Stanford BDHG llama.cpp

llama

License: MIT

Overview

This project is a Stanford BDHG-maintained fork of the well-regarded llama.cpp, tailored for deploying LLaMA models using C/C++. Our modifications package the library as an XCFramework for distribution as a binary compatible with multiple platforms. The inclusion of a Package.swift file facilitates the integration with the Swift Package Manager (SPM).

Note

Should you have inquiries regarding the llama.cpp codebase this fork builds upon, please refer to the upstream llama.cpp README for comprehensive details and guidance.

Setup

Add Stanford BDHG llama.cpp as a Dependency

You need to add Stanford BDHG llama.cpp Swift package to your app in Xcode or Swift package.

Important

Important: In order to use the library, one needs to set build parameters in the consuming Xcode project or the consuming SPM package to enable the Swift / C++ Interop, introduced in Xcode 15 and Swift 5.9. Keep in mind that this is true for nested dependencies, one needs to set this configuration recursivly for the entire dependency tree towards the llama.cpp SPM package.

For Xcode projects:

  • Open your project settings in Xcode by selecting PROJECT_NAME > TARGET_NAME > Build Settings.
  • Within the Build Settings, search for the C++ and Objective-C Interoperability setting and set it to C++ / Objective-C++. This enables the project to use the C++ headers from llama.cpp.

For SPM packages:

  • Open the Package.swift file of your SPM package
  • Within the package target that consumes the llama.cpp package, add the interoperabilityMode(_:) Swift build setting like that:
/// Adds the dependency to the Stanford BDHG llama.cpp SPM package
dependencies: [
    .package(url: "https://github.com/StanfordBDHG/llama.cpp", .upToNextMinor(from: "0.1.0"))
],
targets: [
  .target(
      name: "ExampleConsumingTarget",
      /// State the dependence of the target to llama.cpp
      dependencies: [
          .product(name: "llama", package: "llama.cpp")
      ],
      /// Important: Configure the `.interoperabilityMode(_:)` within the `swiftSettings`
      swiftSettings: [
          .interoperabilityMode(.Cxx)
      ]
  )
]

Contributing

Contributions to this project are welcome.
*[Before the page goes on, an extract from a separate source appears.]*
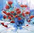 Een globale impressie van het schilderij "Vaas met klaprozen" 50x50cm.
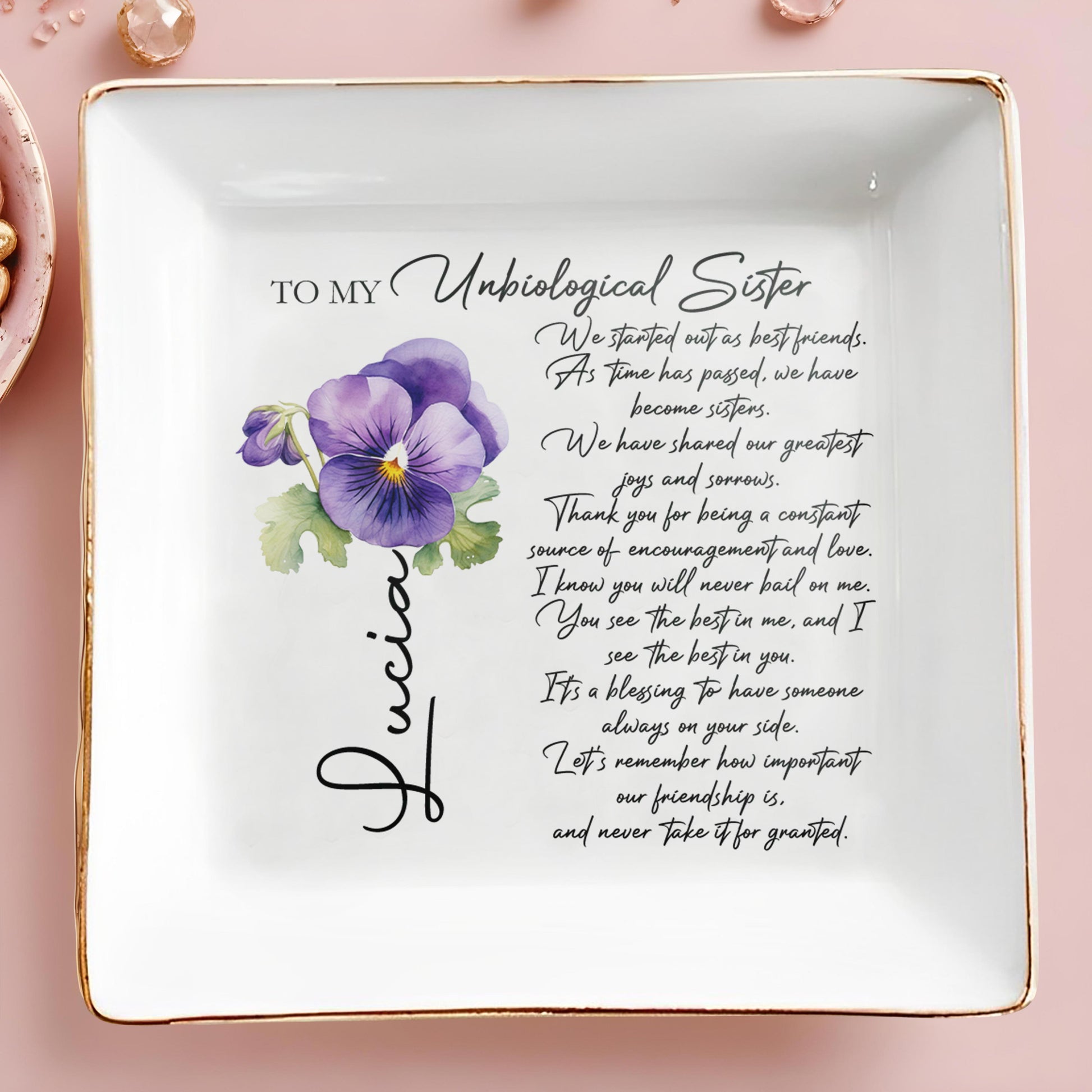 To My Unbiological Sister - Best Friends Personalized Custom Jewelry Dish - Gift For Sisters

Please make sure to read the contribution guidelines and the contributor covenant code of conduct first. You can find a list of contributors in the CONTRIBUTORS.md file.

License

This project is a fork of an existing project that is licensed under the MIT License, and all changes made in this fork continue to be under the MIT License. For more information about the license terms, see the Licenses folder.

Our Research

For more information, check out our website at biodesigndigitalhealth.stanford.edu.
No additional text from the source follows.